Applying Dynamic Embeddings in Natural Language Processing to track the Evolution of Tech Skills
YOW! Data 2020
Many data scientists are familiar with word embedding models such as word2vec, which capture semantic similarity of words in a large corpus. However, word embeddings are limited in their ability to interrogate a corpus alongside other context or over time. Moreover, word embedding models either need significant amounts of data, or tuning through transfer learning of a domain-specific vocabulary that is unique to most commercial applications.
In this talk, I will introduce exponential family embeddings. Developed by Rudolph and Blei, these methods extend the idea of word embeddings to other types of high-dimensional data. I will demonstrate how they can be used to conduct advanced topic modeling on datasets that are medium-sized, which are specialized enough to require significant modifications of a word2vec model and contain more general data types (including categorical, count, continuous).
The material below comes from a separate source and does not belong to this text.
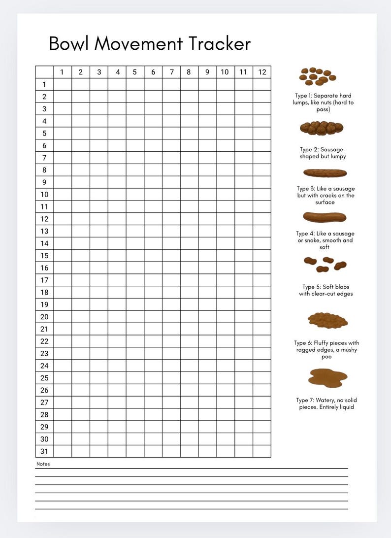 Weekly Bowel Movement Chart: Printable - Etsy

I will discuss how my team implemented a dynamic embedding model using Tensor Flow and our proprietary corpus of job descriptions. Using both categorical and natural language data associated with jobs, we charted the development of different skill sets over the last few years. I will compare data science skill sets in US jobs vs Australian roles, specifically focusing on how tech and data science skill sets have developed, grown and pollinated other types of jobs over time.
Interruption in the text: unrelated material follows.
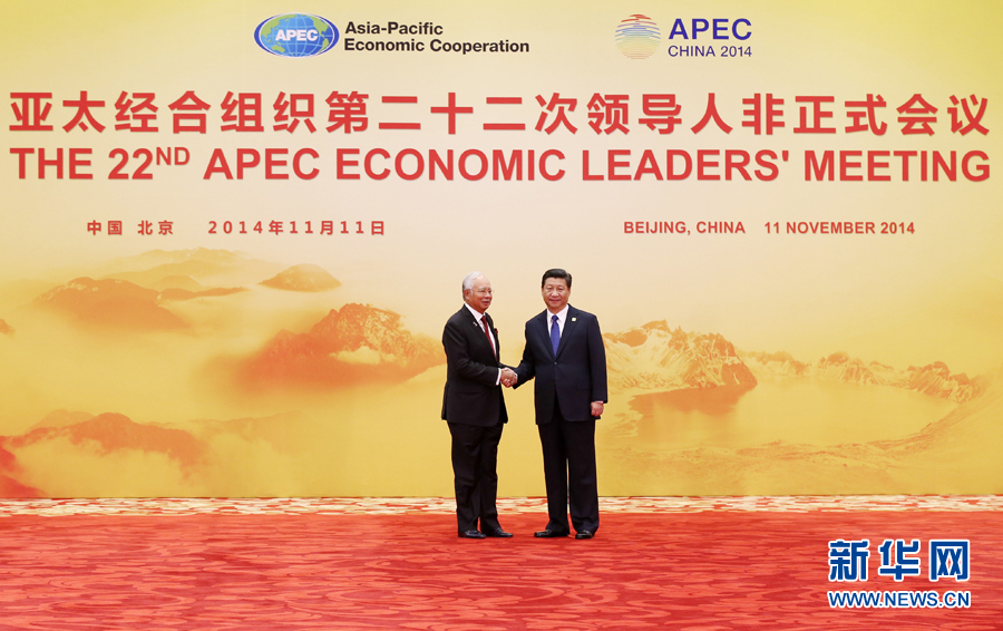 11月11日,亚太经合组织第二十二次领导人非正式会议在北京举行,中国国家主席习近平在雁栖湖国际会议中心迎接各成员经济体领导人、代表。这是习近平与马来西亚总理纳吉布握手。 新华社记者姚大伟摄

Maryam runs research at TapRecruit, a startup that is building software tools to implement evidence-based talent management. TapRecruit’s research program integrate recent advances in NLP, data science and decision science to identify robust methods to reduce bias in talent decision-making and attract more qualified and diverse candidate pools. In a past life, Maryam was a cancer biologist and a data journalist. She holds a PhD from the Icahn School of Medicine at Mount Sinai.